Действительно, гоголевская фраза не единожды отзывается эхом в репликах персонажей Достоевского. Вспомним размышления штабс-капитана в «Братьях Карамазовых»: «Пока живу я, кто-то меня, скверненького, кроме них, возлюбит? Великое это дело устроил Господь для каждого человека в моем роде-с. Ибо надобно, чтоб и человека в моем роде мог хоть кто-нибудь возлюбить-с…». Автор «Братьев Карамазовых» ратует за смирение любовное, так как «все за всех виноваты». Вот отчего Иван сознается Алеше: «Я никогда не мог понять, как можно любить своих ближних». Символичны также слова Грушеньки, пораженной сострадательной любовью Алеши: «– Я всю жизнь такого, как ты, ждала, знала, что кто-то такой придет и меня простит. Верила, что и меня кто-то полюбит, гадкую, не за один только срам!.. – Что я тебе такого сделал, – умиленно улыбаясь, отвечал Алеша, нагнувшись к ней и взяв ее за руки, – луковку я тебе подал, одну самую малую луковку, только, только! И, проговорив, сам заплакал».

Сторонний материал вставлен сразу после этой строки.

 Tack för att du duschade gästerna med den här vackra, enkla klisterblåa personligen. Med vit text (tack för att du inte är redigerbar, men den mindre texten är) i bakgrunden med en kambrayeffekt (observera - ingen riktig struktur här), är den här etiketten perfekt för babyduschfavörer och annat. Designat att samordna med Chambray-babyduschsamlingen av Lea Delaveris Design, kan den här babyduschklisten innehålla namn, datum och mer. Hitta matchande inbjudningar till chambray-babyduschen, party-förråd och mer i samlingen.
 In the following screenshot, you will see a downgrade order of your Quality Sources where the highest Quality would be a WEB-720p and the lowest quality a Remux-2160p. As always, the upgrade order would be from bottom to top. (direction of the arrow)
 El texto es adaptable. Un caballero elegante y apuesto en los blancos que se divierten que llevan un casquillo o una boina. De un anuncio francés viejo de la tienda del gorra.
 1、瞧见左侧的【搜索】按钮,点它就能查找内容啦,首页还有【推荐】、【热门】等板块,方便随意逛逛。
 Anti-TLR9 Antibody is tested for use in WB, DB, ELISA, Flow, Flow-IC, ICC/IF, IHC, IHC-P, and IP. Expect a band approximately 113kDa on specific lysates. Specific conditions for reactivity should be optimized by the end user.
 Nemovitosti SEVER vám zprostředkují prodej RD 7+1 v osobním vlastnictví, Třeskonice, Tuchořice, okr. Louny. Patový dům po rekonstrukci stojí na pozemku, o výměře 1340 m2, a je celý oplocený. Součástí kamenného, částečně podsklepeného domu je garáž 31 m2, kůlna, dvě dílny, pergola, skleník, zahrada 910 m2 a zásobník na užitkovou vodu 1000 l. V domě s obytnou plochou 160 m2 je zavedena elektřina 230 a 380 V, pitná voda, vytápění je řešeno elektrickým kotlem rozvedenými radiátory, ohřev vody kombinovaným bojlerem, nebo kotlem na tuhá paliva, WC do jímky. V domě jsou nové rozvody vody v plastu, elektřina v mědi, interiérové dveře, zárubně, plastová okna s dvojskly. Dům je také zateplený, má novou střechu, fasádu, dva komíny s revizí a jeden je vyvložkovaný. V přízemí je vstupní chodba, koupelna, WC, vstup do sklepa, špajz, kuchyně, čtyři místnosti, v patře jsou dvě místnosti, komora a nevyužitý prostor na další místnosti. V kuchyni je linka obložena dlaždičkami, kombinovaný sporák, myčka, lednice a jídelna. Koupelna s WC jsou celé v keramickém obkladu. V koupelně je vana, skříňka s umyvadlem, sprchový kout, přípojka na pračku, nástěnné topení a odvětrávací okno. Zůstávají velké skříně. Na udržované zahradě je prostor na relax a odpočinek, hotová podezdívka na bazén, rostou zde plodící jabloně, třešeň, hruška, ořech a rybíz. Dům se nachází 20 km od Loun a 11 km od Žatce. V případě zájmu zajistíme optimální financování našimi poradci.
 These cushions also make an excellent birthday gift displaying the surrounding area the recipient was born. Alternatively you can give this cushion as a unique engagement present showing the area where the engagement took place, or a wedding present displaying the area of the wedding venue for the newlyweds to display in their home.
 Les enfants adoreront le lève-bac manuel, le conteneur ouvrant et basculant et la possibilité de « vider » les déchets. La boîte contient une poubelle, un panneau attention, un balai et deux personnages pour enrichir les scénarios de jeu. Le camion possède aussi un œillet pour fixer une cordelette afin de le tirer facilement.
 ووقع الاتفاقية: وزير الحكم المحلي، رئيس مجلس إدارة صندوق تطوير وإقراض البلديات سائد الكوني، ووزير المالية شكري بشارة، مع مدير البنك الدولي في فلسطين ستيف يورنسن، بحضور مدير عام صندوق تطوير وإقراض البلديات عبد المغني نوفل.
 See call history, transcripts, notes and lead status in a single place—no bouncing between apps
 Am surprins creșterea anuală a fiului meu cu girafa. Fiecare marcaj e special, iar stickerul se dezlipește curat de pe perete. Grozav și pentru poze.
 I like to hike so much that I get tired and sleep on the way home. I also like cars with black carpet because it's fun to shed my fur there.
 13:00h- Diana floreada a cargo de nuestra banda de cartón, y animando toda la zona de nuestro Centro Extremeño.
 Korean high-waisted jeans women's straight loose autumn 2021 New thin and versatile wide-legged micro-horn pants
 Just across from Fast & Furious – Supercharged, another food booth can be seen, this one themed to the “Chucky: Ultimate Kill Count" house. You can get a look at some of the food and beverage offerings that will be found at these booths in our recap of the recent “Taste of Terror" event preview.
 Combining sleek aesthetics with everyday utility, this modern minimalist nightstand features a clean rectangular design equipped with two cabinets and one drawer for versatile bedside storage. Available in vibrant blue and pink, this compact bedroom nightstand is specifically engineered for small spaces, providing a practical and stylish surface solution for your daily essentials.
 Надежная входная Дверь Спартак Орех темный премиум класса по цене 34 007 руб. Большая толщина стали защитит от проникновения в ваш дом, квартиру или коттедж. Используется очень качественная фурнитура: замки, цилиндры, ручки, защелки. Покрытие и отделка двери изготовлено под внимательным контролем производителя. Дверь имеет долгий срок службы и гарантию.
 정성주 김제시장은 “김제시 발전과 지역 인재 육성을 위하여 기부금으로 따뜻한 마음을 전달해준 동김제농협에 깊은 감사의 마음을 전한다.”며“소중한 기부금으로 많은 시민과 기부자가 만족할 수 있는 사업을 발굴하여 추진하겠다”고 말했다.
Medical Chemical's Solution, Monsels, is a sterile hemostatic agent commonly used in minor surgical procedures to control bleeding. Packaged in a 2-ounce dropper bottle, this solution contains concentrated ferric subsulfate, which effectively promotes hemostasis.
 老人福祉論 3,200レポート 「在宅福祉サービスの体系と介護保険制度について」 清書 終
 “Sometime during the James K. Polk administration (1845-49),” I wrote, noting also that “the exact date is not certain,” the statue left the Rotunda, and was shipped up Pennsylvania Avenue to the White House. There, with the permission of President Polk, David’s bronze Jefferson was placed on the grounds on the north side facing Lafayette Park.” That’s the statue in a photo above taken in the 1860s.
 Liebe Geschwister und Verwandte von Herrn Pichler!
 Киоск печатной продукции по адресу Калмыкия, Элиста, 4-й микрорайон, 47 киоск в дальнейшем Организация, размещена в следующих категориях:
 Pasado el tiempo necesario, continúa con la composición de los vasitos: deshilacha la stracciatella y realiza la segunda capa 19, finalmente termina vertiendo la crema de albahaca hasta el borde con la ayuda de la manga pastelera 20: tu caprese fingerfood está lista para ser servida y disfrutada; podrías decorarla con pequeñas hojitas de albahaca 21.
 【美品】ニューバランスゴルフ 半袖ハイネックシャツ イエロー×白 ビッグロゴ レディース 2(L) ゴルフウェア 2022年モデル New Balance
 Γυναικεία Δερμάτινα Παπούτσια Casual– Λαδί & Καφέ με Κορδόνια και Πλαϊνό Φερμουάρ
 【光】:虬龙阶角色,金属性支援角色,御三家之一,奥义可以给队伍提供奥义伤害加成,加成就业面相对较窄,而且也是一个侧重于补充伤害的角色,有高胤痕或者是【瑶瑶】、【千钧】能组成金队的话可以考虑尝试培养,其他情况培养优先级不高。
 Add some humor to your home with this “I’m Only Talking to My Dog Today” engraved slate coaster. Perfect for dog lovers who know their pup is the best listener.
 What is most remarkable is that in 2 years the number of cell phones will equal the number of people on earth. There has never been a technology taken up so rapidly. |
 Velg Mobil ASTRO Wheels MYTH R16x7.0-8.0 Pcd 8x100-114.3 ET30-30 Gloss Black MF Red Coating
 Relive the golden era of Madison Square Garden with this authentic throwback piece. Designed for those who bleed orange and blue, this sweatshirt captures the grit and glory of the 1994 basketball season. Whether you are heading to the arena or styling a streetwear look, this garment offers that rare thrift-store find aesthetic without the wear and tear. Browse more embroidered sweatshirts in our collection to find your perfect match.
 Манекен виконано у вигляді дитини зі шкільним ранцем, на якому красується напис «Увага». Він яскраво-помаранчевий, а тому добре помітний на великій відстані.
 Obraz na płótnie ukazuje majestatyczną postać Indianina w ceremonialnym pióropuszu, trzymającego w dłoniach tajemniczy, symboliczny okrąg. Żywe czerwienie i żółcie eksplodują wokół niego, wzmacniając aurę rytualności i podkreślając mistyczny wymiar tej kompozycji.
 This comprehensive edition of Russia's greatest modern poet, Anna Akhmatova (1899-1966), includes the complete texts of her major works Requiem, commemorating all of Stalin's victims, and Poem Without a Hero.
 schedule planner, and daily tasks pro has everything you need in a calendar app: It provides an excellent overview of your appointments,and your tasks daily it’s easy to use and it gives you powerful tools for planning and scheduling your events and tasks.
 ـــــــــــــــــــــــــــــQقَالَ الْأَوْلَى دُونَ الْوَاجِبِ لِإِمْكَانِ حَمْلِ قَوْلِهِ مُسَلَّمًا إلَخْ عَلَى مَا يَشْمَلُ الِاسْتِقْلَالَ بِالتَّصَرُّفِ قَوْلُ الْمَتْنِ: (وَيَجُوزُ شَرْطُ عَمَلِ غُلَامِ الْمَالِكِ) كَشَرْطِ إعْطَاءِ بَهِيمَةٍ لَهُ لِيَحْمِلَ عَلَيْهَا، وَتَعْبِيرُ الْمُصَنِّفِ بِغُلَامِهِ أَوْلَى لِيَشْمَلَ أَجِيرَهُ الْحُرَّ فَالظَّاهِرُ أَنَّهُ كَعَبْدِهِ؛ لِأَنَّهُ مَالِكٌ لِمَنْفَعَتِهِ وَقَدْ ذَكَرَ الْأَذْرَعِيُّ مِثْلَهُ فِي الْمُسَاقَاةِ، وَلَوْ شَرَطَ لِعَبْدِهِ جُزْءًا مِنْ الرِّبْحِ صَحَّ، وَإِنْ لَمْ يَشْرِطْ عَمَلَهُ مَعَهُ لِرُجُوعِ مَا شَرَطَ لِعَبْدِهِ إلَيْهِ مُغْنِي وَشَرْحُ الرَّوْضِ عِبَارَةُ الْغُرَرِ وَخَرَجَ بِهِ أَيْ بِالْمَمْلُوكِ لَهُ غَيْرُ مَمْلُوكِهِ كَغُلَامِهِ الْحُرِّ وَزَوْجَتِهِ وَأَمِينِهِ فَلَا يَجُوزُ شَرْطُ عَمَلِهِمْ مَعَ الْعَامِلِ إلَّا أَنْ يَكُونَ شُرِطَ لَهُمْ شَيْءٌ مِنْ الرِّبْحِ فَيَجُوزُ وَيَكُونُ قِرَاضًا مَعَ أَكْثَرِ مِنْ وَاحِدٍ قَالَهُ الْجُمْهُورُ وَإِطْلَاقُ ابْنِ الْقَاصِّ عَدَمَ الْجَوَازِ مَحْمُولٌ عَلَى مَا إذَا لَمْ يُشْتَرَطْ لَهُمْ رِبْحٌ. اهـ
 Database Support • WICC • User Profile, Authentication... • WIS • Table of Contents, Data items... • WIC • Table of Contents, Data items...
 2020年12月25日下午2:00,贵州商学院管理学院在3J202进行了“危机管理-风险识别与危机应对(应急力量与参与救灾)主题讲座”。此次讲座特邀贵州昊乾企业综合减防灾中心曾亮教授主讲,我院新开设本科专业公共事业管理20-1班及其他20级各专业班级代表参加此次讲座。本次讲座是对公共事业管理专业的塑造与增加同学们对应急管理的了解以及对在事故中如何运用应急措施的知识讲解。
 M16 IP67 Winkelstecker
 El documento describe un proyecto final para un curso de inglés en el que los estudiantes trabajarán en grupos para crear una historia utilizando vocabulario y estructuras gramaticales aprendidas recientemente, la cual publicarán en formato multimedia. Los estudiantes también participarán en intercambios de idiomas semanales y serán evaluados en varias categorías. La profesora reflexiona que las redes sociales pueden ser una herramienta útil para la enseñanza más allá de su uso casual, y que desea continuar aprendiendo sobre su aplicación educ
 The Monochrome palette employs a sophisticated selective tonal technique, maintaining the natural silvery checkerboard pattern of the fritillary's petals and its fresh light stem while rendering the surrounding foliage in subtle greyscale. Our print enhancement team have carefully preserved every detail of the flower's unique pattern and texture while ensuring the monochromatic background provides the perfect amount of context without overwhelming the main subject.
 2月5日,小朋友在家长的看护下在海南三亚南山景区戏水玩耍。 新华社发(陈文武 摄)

О какой такой луковке говорят герои Достоевского? Ответ находим в басне, которую рассказывает Грушенька Алеше:

«Жила-была одна баба злющая-презлющая и померла. И не осталось после нее ни одной добродетели. Схватили ее черти и кинули в огненное озеро.
А ангел-хранитель ее стоит да и думает: какую бы мне такую добродетель ее припомнить, чтобы Богу сказать. Вспомнил и говорит Богу: она, говорит, в огороде луковку выдернула и нищенке подала.
И отвечает ему Бог: возьми ж ты, говорит, эту самую луковку, протяни ей в озеро, пусть ухватится и тянется, и коли вытянешь ее вон из озера, то пусть в рай идет, а оборвется луковка, то там и оставаться бабе, где теперь.
Побежал Ангел к бабе, протянул ей луковку: на, говорит, баба, схватись и тянись.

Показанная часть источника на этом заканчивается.